Advancements in Transdermal Drug Delivery using Microneedles: Technological and Material Perspective

The concept of a microneedle patch (MNP) for transdermal delivery emerged in the 1970s. This review provides a detailed examination of the manufacturing methods, materials, designs, advantages and recent advancements in MN-mediated transcutaneous drug delivery. MNPs consist of an array of micron-sized projections that can painlessly deliver drugs across the skin or mucosa by bypassing the stratum corneum. MNPs can be fabricated in various designs, including solid, hollow, coated, dissolving and hydrogel-forming using materials such as silicon, polymers (e.g., chitosan, hyaluronic acid, sodium alginate, Eudragit, polycaprolactone, polyvinyl alcohol), sugars (e.g., maltose, trehalose, xylitol), ceramics (e.g., alumina, brushite, zirconia), metals (e.g., titanium, nickel, stainless steel and glass (e.g., silica, borosilicate).
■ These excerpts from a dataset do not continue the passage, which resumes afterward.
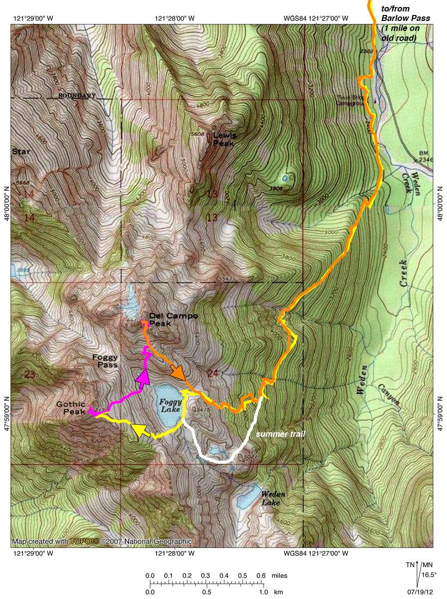 - Gothic Peak (scramble from Foggy Lake, 3rd)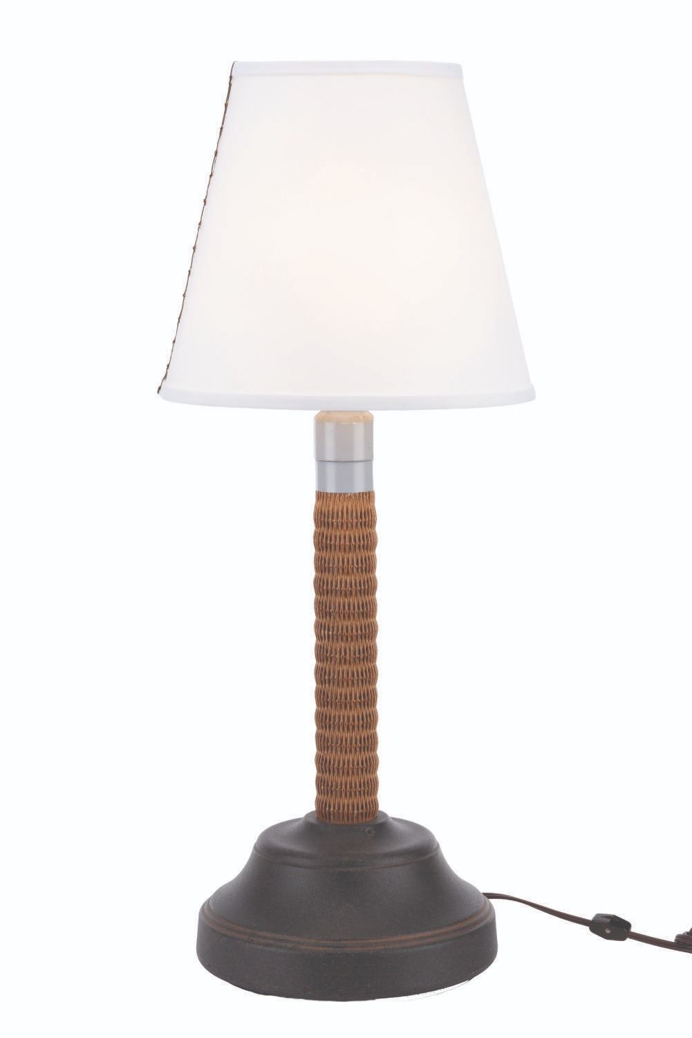 (Disney's Paradise Pier Hotel, 2001-23) A nautical-themed table lamp from Disney's Paradise Pier Hotel at the Disneyland Resort. The lamp worked when tested, requiring a power source and a light bulb (not included). Measuring 29" tall x 9.75" in diameter with a 10.75" tall x 12.25" diameter shade, the lamp is in good working condition with some general wear from use and oxidation to the shade rest.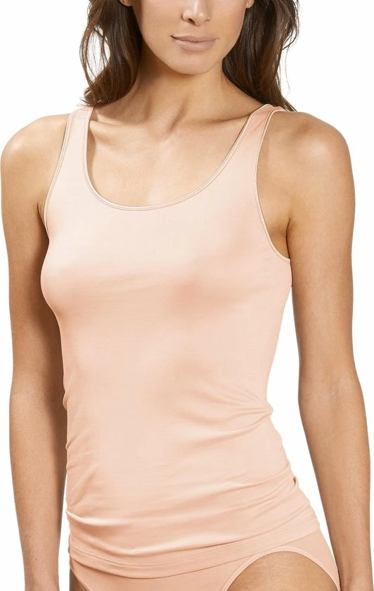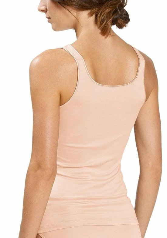 Dames hemdje met brede schouderbandjes behorende bij de Mey Emotion Collectie. Een heel prettig dragend hemdje met aan de binnenzijde viscose en aan de buitenzijde microvezels voor een perfecte warmte- en vochtregulatie. Het gladde weefsel maakt dat de kleding er gemakkelijk overheen glijdt. De schouderbandjes zijn omzoomd met een satijnen biesje. Viscose is een semi natuurlijke vezel gemaakt van natuurlijke houtvezels. Viscose is zacht, neemt uitstekend vocht op en heeft een luxe zijdeachtige uitstraling.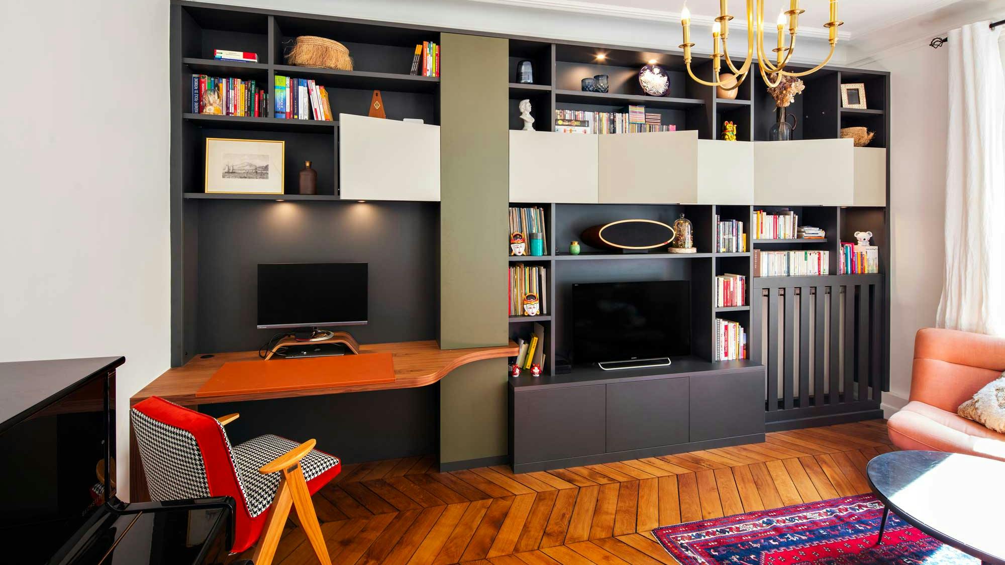Découvrez nos solutions de bureau sur-mesure pour intégrer un espace de travail dans votre salon.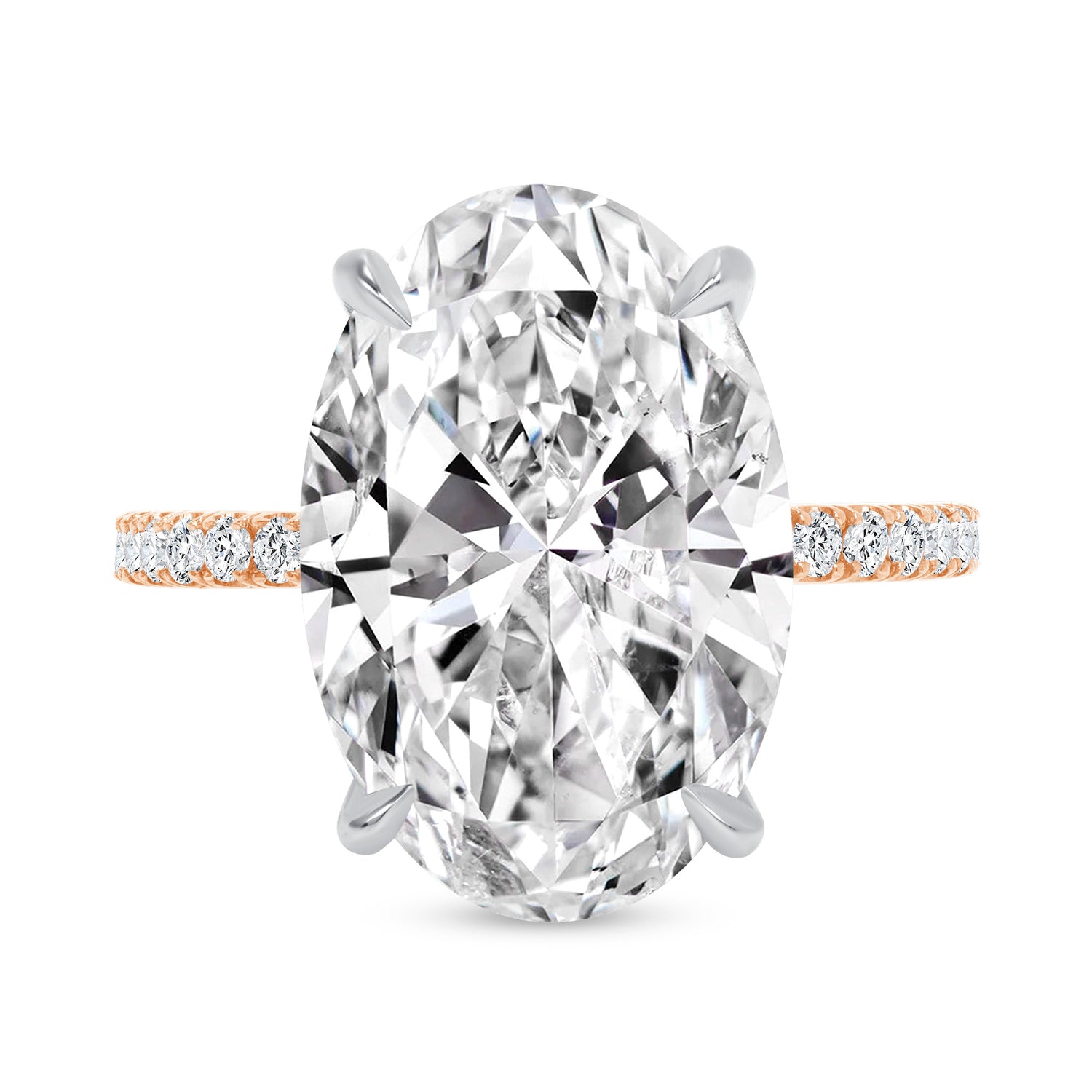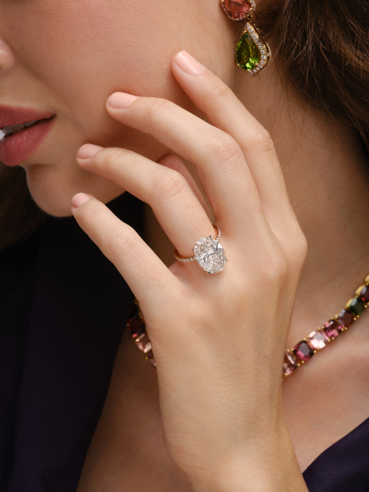 Oval Cut Diamond Solitaire Ring with Pavé Band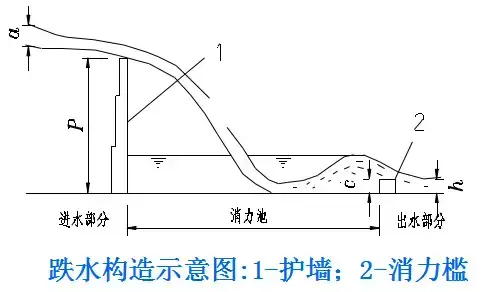 跌水構(gòu)造:?jiǎn)渭?jí)和多級(jí)之分,溝底有等寬與變寬之別?;緲?gòu)造可分為進(jìn)水口、消力池和出水口三個(gè)部分。
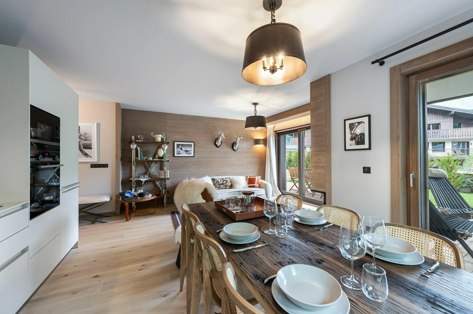 The apartment exudes a cozy, welcoming atmosphere, with a spacious living room illuminated by large windows that open onto a private garden. The open-plan kitchen flows into the dining area and living room, where a fireplace adds a touch of warmth. Step outside to a large, sheltered terrace equipped with an outdoor dining table and sun loungers, perfect for sunny lunches and relaxing afternoons.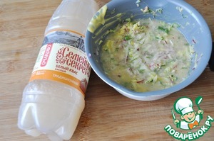 Заправку смешиваем с остальными составляющими окрошки. Должна получиться однородная масса.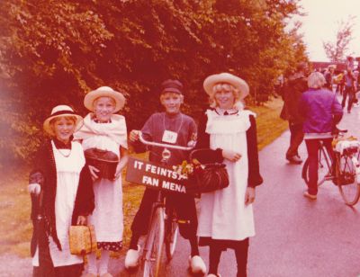 Jantine Nauta, as skoalmeiske in de Hommerts, hier links. Foto nommen tidens un optocht op Befrijdingsdach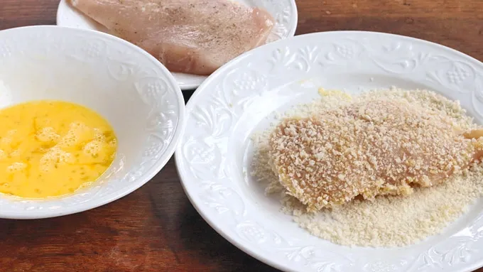 Step1Preheat the oven to 375°F. Sprinkle the chicken with salt and freshly ground black pepper. Dip each cutlet into the beaten egg and then thoroughly coat them in the breadcrumb/Parmesan mixture. Lay the breaded chicken on a lined cookie sheet in a baking dish and bake for 20-25 minutes or until the chicken is done and golden.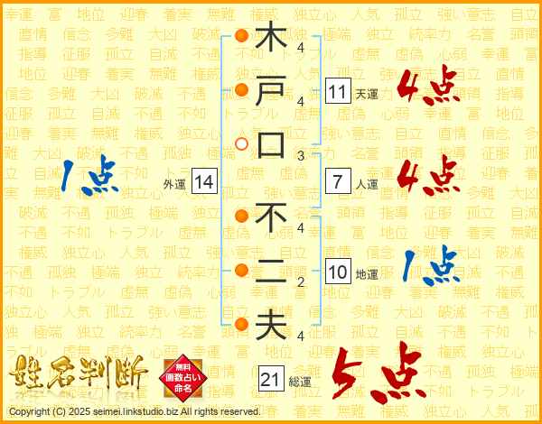 木(4画)戸(4画)口(3画) 不(4画)二(2画)夫(4画)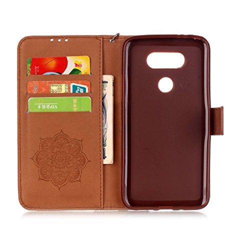 UNEXTATI LG G5 ケース PUレザー 手帳型ケース カバー カード収納 ストラップ 付き LG G5 用 Case Cover (ブラウン)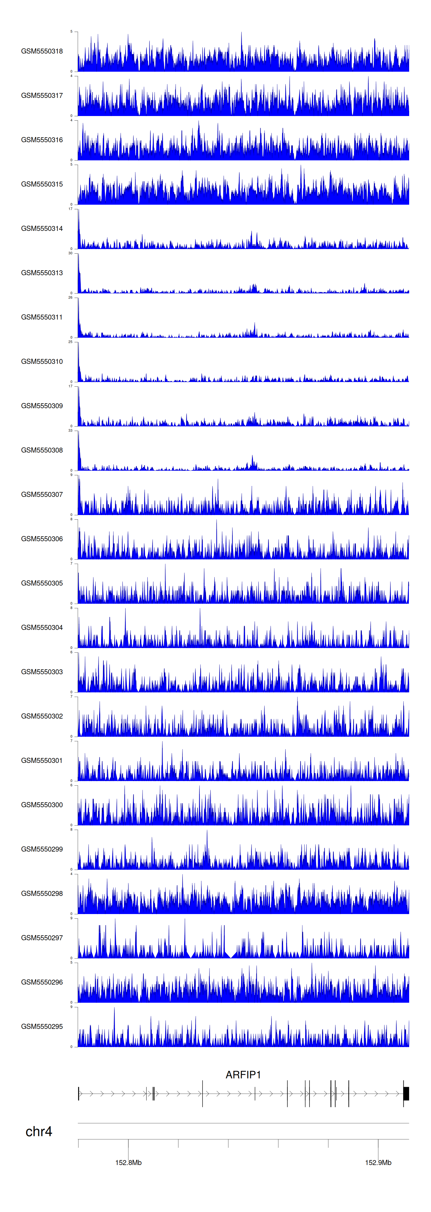 > Dataset: GSE143026 - ARFIP1 peak across samples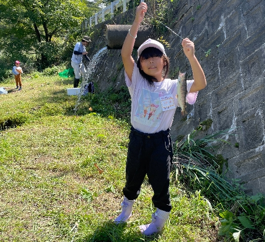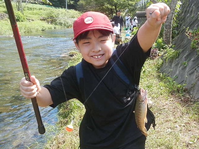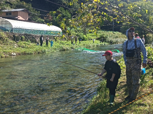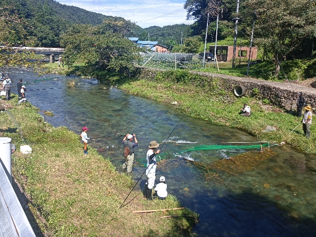 今日はお天気にも恵まれ釣り日和です。根田茂川で当漁協主催上州屋ご協力で親子釣り体験開催です。
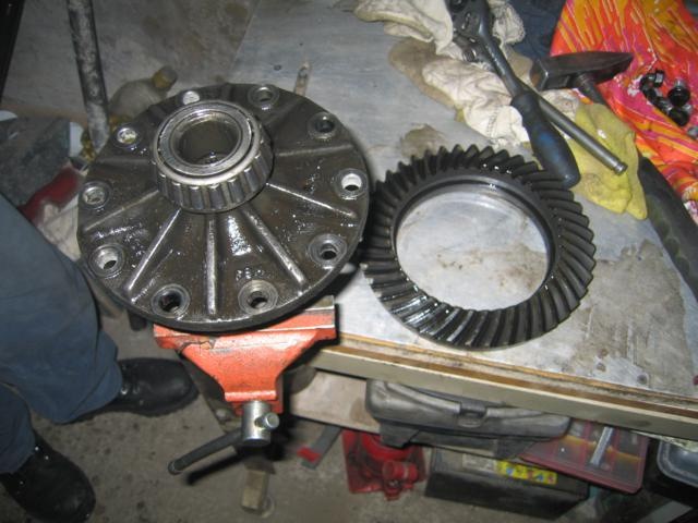 12) зажимаем диф в тисках (аккуратно, не портя подшипник), откручиваем главную пару, 10 болтов на дифе( откручиваются тяжко, помогаем длиным рычагом, трубой) снимаем главную пару.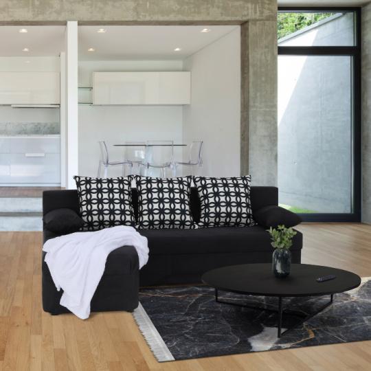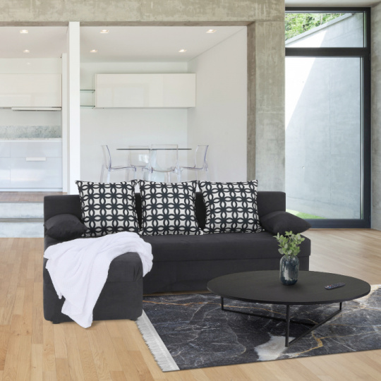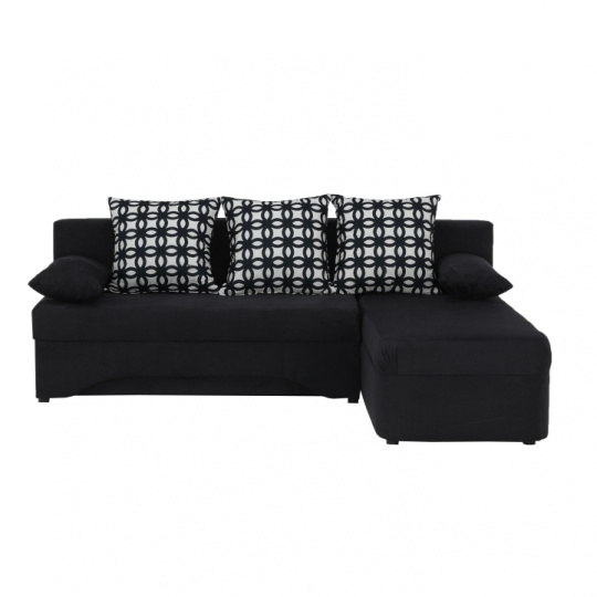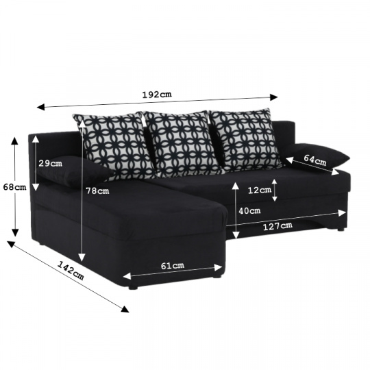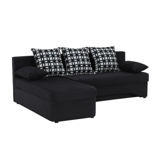 Rohová rozkládací sedací souprava POLARIS NEW Materiál: látka Oděruodolnost textilie podle testu Martindale: 55 000 oděrek Barva: tmavě šedá mix / polštáře vzor Rozměry (ŠxHxV): 191x145x68/78 cm Plocha na spaní (ŠxD): 104x190 cm Výška sedu: 40 Hloubka sedu: 44/64 cm 3 + 2 polštáře. Nosnost na osobu: 90 kg Dodávané v demontu.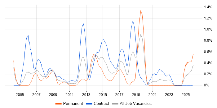 Historical trend showing the proportion of permanent IT job postings featuring 'Incident Manager' in the job title relative to all permanent IT jobs advertised in Milton Keynes.

MNs can be produced through techniques like micromoulding, lithography, thermal drawing and three-dimensional printing. During recent years, micromoulding has emerged as the most widely employed method for preparing MNPs due to its cost effectiveness and ease of operation. MNPs efficiently deliver a wide range of therapeutic substances from small molecules to macromolecules, proteins and vaccines across the skin. Recently, the therapeutic moieties have been encapsulated in different nanosystems and then embedded into MNPs to enhance the dermal deposition and drug stability. MNPs have also been utilised for diagnostic, theragnostic (e.g., stimulus-responsive drug delivery), sampling and therapy monitoring purposes. In recent years, MN technology has been combined with other techniques such as electroporation, sonophoresis and iontophoresis to further enhance transdermal permeation. The advantages of MN-based systems such as self-application and minimal pain suggest that MNPs could be ideal candidates for drug and vaccine administration particularly in paediatric and geriatric populations.